_EXERCISE_.
Everything from the "The document discusses" line to the final line of the listing should be written out exactly. Skip the pictures.

_AVAILABLE DATA_.
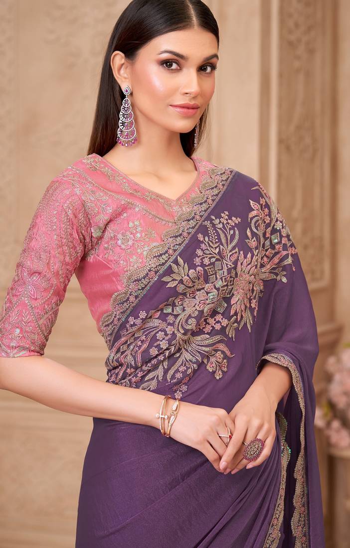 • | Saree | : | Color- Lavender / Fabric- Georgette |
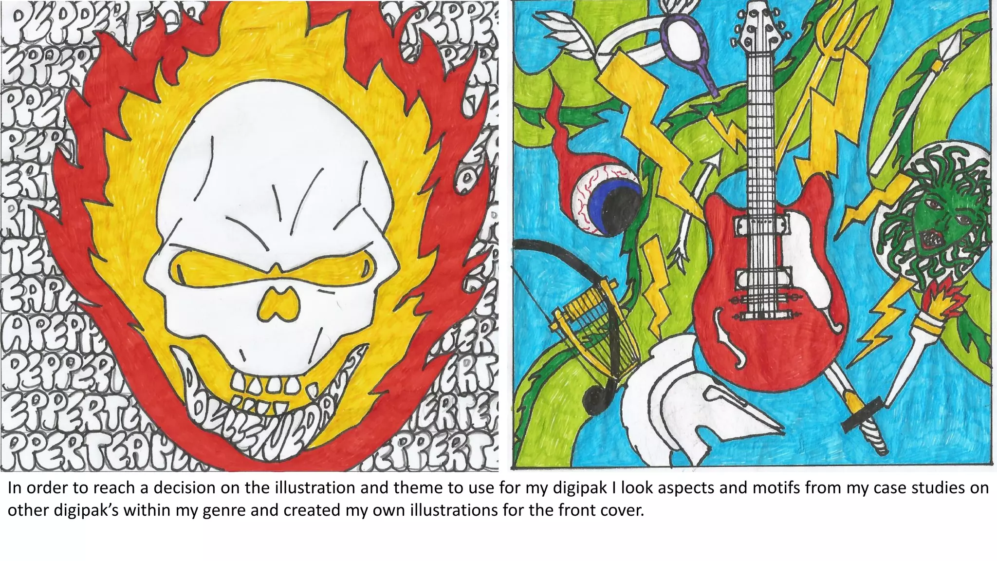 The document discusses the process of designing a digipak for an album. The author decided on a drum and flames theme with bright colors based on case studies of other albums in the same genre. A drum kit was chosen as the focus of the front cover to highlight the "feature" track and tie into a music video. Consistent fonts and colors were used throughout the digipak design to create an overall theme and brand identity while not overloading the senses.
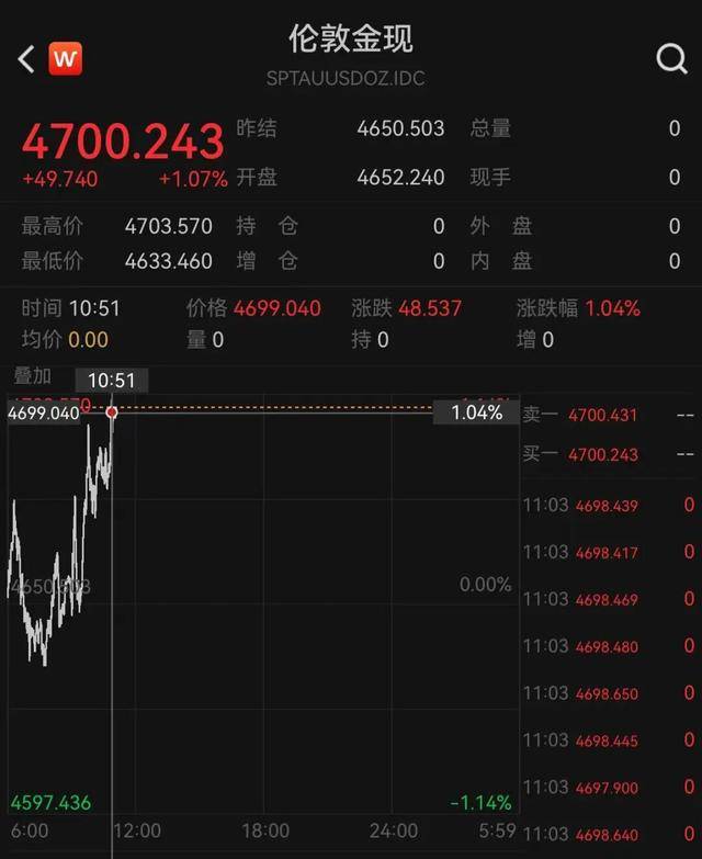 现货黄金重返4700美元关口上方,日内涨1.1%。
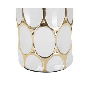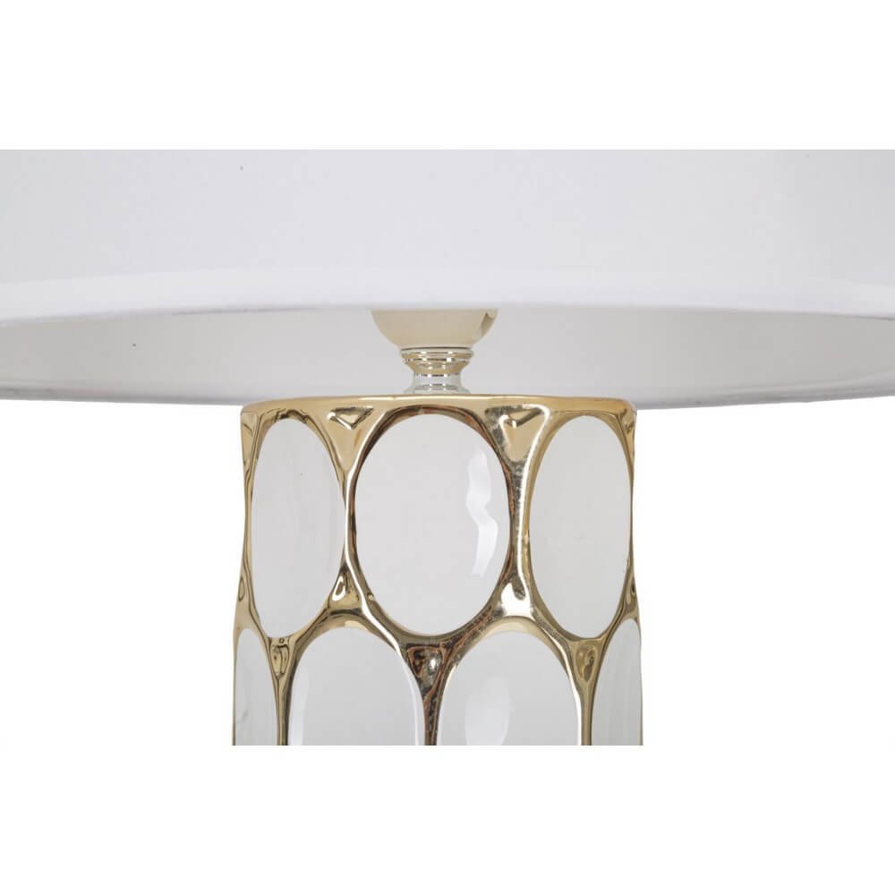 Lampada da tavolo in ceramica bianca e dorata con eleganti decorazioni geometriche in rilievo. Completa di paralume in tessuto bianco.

_WRITTEN ANSWER_.
 The document discusses the process of designing a digipak for an album. The author decided on a drum and flames theme with bright colors based on case studies of other albums in the same genre. A drum kit was chosen as the focus of the front cover to highlight the "feature" track and tie into a music video. Consistent fonts and colors were used throughout the digipak design to create an overall theme and brand identity while not overloading the senses.
 现货黄金重返4700美元关口上方,日内涨1.1%。
 Lampada da tavolo in ceramica bianca e dorata con eleganti decorazioni geometriche in rilievo. Completa di paralume in tessuto bianco.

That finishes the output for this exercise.